Aku langsung mengajak Kaito ke rumah sakit. Dia masih bertanya-tanya apa tujuanku, tapi aku tidak menggubrisnya. Aku tak peduli. Akako harus selamat. Walau aku harus kehilangan Kaito, aku tidak akan pernah peduli.
"Ada apa, Aoko?" tanya Kaito saat aku menyeretnya dengan kasar ke depan pintu kamar Akako. Alisnya berkerut aneh. Matanya yang bulat seperti manik boneka itu menatapku lekat.
"Kau harus masuk kesana, Kaito." Aku mendorongnya hingga jarak kakinya dengan pintu kamar Akako sangat dekat. Dia membalikkan badannya padaku.
"Apa sih, yang kau lakukan?"
Air mataku jatuh, batu penahan air mataku telah jebol. Aku mengusapnya lembut. Menghadapi kenyataan ternyata lebih sulit daripada yang kubayangkan.

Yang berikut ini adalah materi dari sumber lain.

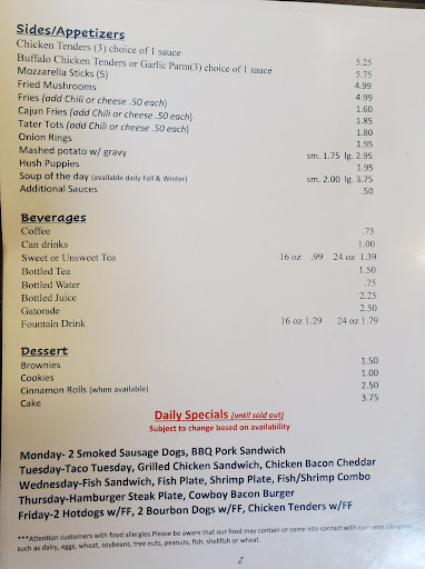Read moreI had been there couple days ago and the two cheeseburgers and fries was good just glad the hot spices didn't get on sandwiches as I'm allergic to any spicy hot. I live almost in Rowan so it was a inconvenience that I had to throw the fries away and not its not a meal. I would thought as a good business practice if you sold a meal and they had to throw half of it away you should replace a meal ( sandwich and fries) this didn't happen and I...

Aku benci mengatakannya, tapi memang itulah fakta yang telah terjadi. Lelaki bodoh ini sukses membuat air mataku terus mengalir tanpa berhenti.
Dia mencondongkan kepalanya, memegang pundakku. Aku masih menunggu kelanjutan kalimata yang akan dilontarkannya padaku.
"Apa yang terjadi?"
Kemudian tangisku langsung pecah di pundak Kaito. Aku tergugu, termangu. Aku tidak berani menghadapi kenyataan ini. Lalu kujelaskan semuanya, hingga suara cemprengku bercampur isak tangis. Dan Kaito mengusap rambutku, pelan.

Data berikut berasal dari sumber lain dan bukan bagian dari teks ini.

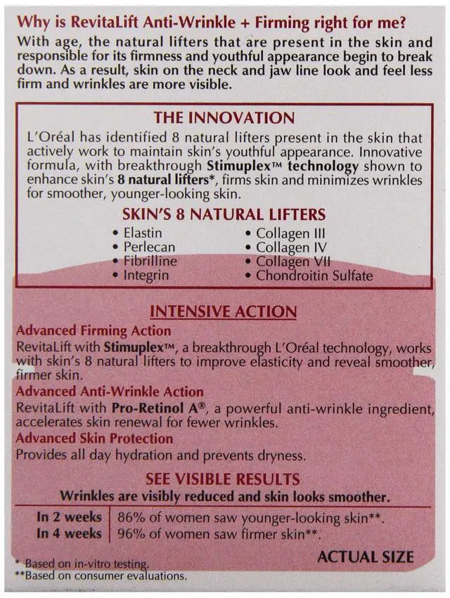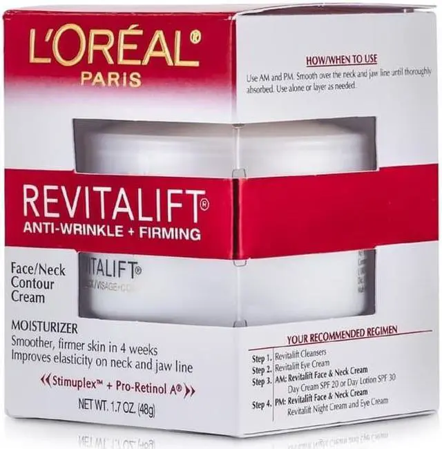 L'Oreal Paris Revitalift Anti-Wrinkle & Firming Moisturizer For Face & Neck - 1.7 oz. Brand New.. Smoothes wrinkles and firms skin as it remodels skins surface from within. Unique daily moisturizer created specially to care for the face and neck. Increases cell turnover for visibly radiant and revitalized skin... Revitalift Anti-Wrinkle & Firming Moisturizer For Face & Neck - 1.7 oz

"Jadi... apa yang kau inginkan?" tanyanya lembut sambil menatapku lekat. Aku menatapnya lurus, meminta pertimbangan.
Ketika kau dekat dengannya, tetapi ketika kau ingin mengucapkan perasaanmu padanya yang sesungguhnya, lidah dan tenggorokanmu tercekat. Bibirku tercekat. Itu yang kurasakan sekarang.
"Nyatakan perasaanmu pada Akako," aku menatapnya sungguh-sungguh. Mataku menatapnya, mata bulat itu.
Dia langsung menggeleng tegas. "Bodoh!" Dia langsung memalingkan mukanya. "Bagaimana jika aku tidak mencintainya?"
Aku langsung menatapnya tegas, menegaskan. "Lalu? Siapa yang kau cintai?"
"Gadis yang kucintai adalah gadis konyol yang bertemu denganku di depan kedai ramen. Apa ada masalah?" jawabnya lugas, sambil memegang pundakku, keras.
Jadi semuanya jelas. Aku mengusap air mata yang terus berjatuhan dari kedua belah mataku. Dia mencintaiku, ya, Kaito Kuroba mencintaiku. Aku tertegun, menghela nafas. Mengingat hari-hari yang telah kulalui dengannya, semuanya.
"Kumohon, Kaito." Aku memegang tangannya, erat, seakan-akan aku tidak akan pernah menemuinya lagi. Entah kenapa aku punya perasaan bahwa aku tidak akan menemuinya lagi.
Aku tahu bagi Kaito ini sangat sulit. Meninggalkan orang yang kau cintai demi seseorang yang sedang meregang nyawa, tentu saja itu tidak mudah. Tapi terkadang cinta memang membutuhkan perjuangan, walaupun sulit pasti harus kau lewati, baik pelan-pelan, bertahap, atau berproses.
Bibir Kaito bergetar, getir. "Baiklah," jawabnya singkat dan memasuki kamar Akako dengan langkah gontai. Aku tak kuasa menatap punggungnya yang membelakangiku dan memasuki kamar Akako. Air mataku mulai mengalir lagi.
Aku berusaha keras menghapus air mataku yang terus mengalir. Ketika kau merasa memiliki seseorang yang kau cintai dengan tersembunyi di dalam hati, dan ketika kau merasa orang yang kau cintai membuatmu merasa sakit, tapi kau selalu tetap ingin mempertahankannya. Itulah yang kurasakan sekarang.
Kaito, melihat kebahagiaan orang lain itu tidak sulit, 'kan? Sebarkan senyum kemana pun kau berada. Karena dengan senyum, kau bisa membuat dunia ini lebih berwarna. Sesederhana itu.